Data provided ->
►

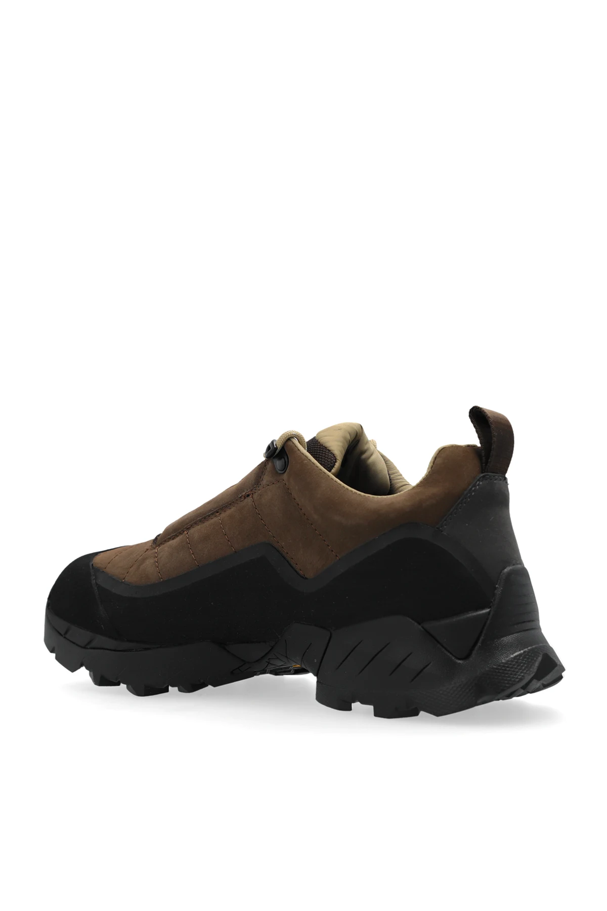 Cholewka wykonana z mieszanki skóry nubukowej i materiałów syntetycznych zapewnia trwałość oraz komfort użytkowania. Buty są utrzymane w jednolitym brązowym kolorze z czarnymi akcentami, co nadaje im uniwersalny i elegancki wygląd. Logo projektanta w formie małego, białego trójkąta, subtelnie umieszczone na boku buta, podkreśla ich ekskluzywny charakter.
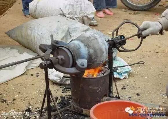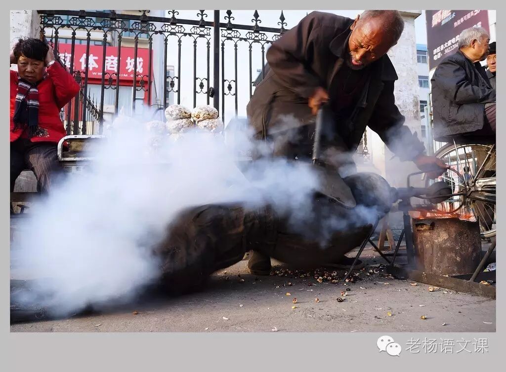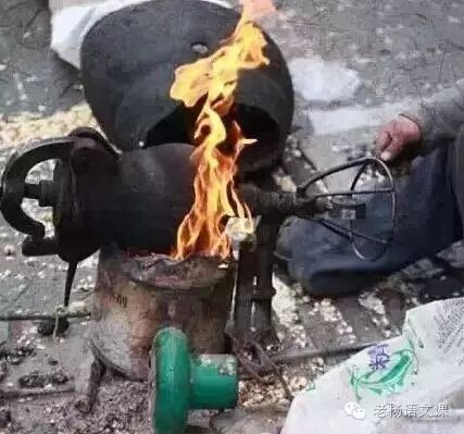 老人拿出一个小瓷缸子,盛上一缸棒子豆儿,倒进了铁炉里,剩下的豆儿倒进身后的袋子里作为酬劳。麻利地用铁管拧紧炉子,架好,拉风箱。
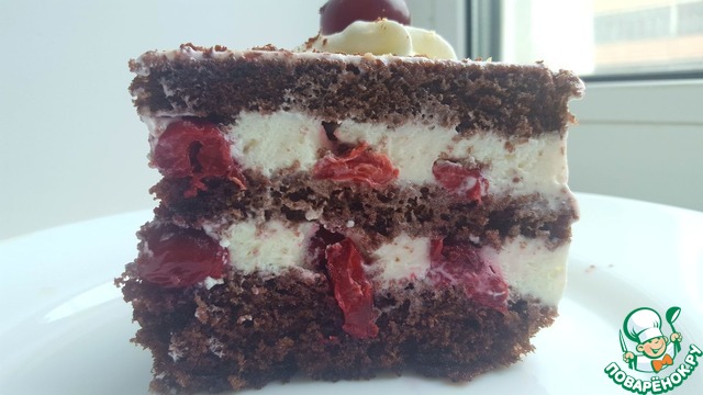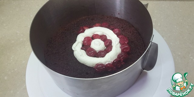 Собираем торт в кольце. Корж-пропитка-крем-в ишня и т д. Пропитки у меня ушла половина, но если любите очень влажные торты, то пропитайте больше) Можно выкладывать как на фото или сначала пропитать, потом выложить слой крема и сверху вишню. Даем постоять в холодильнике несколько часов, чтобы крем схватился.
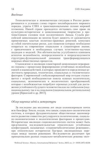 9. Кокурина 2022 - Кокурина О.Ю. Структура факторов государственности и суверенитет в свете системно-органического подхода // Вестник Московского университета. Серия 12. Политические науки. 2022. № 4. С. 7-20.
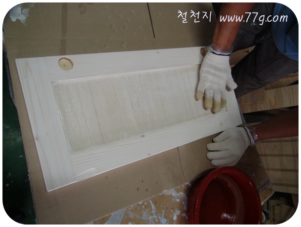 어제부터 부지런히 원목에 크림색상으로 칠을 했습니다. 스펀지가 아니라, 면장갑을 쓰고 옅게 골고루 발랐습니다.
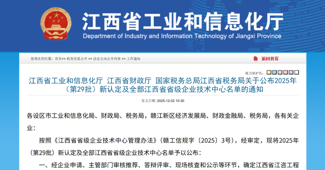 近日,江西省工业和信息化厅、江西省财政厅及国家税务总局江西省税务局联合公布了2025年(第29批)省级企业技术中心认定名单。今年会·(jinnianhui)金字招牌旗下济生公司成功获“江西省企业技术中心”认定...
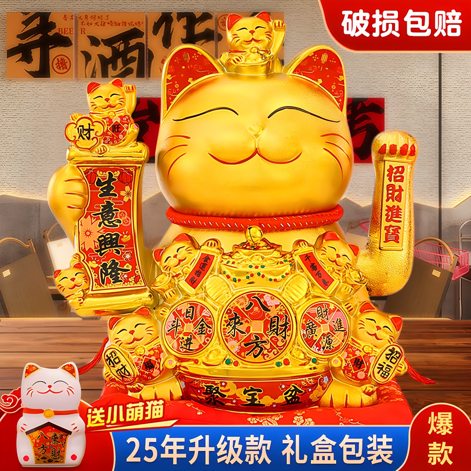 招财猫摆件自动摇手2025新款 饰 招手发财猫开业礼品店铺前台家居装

◄
►

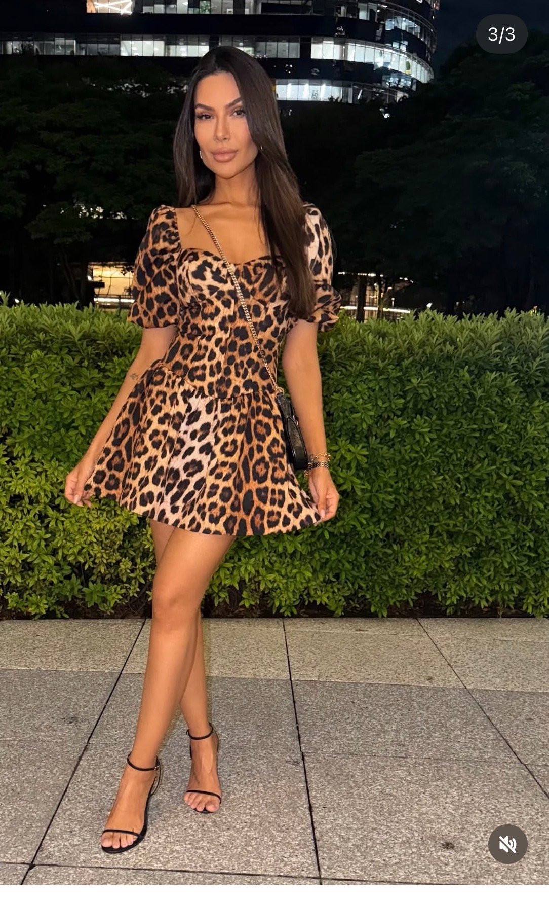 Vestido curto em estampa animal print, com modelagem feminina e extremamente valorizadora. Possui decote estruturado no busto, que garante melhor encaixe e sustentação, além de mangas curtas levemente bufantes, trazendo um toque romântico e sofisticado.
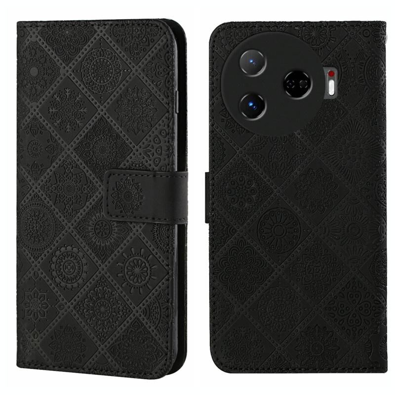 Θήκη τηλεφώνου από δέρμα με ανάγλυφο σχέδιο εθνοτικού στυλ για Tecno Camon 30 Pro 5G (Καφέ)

◄

Instructions to follow -> Above are some entries; copy exactly the lines from the line with "Собираем торт в" through the line with "招财猫摆件自动摇手2025新款 饰 招手发财猫开业礼品店铺前台家居装", both included, but none of the pictures.

Task solution ->
 Собираем торт в кольце. Корж-пропитка-крем-в ишня и т д. Пропитки у меня ушла половина, но если любите очень влажные торты, то пропитайте больше) Можно выкладывать как на фото или сначала пропитать, потом выложить слой крема и сверху вишню. Даем постоять в холодильнике несколько часов, чтобы крем схватился.
 9. Кокурина 2022 - Кокурина О.Ю. Структура факторов государственности и суверенитет в свете системно-органического подхода // Вестник Московского университета. Серия 12. Политические науки. 2022. № 4. С. 7-20.
 어제부터 부지런히 원목에 크림색상으로 칠을 했습니다. 스펀지가 아니라, 면장갑을 쓰고 옅게 골고루 발랐습니다.
 近日,江西省工业和信息化厅、江西省财政厅及国家税务总局江西省税务局联合公布了2025年(第29批)省级企业技术中心认定名单。今年会·(jinnianhui)金字招牌旗下济生公司成功获“江西省企业技术中心”认定...
 招财猫摆件自动摇手2025新款 饰 招手发财猫开业礼品店铺前台家居装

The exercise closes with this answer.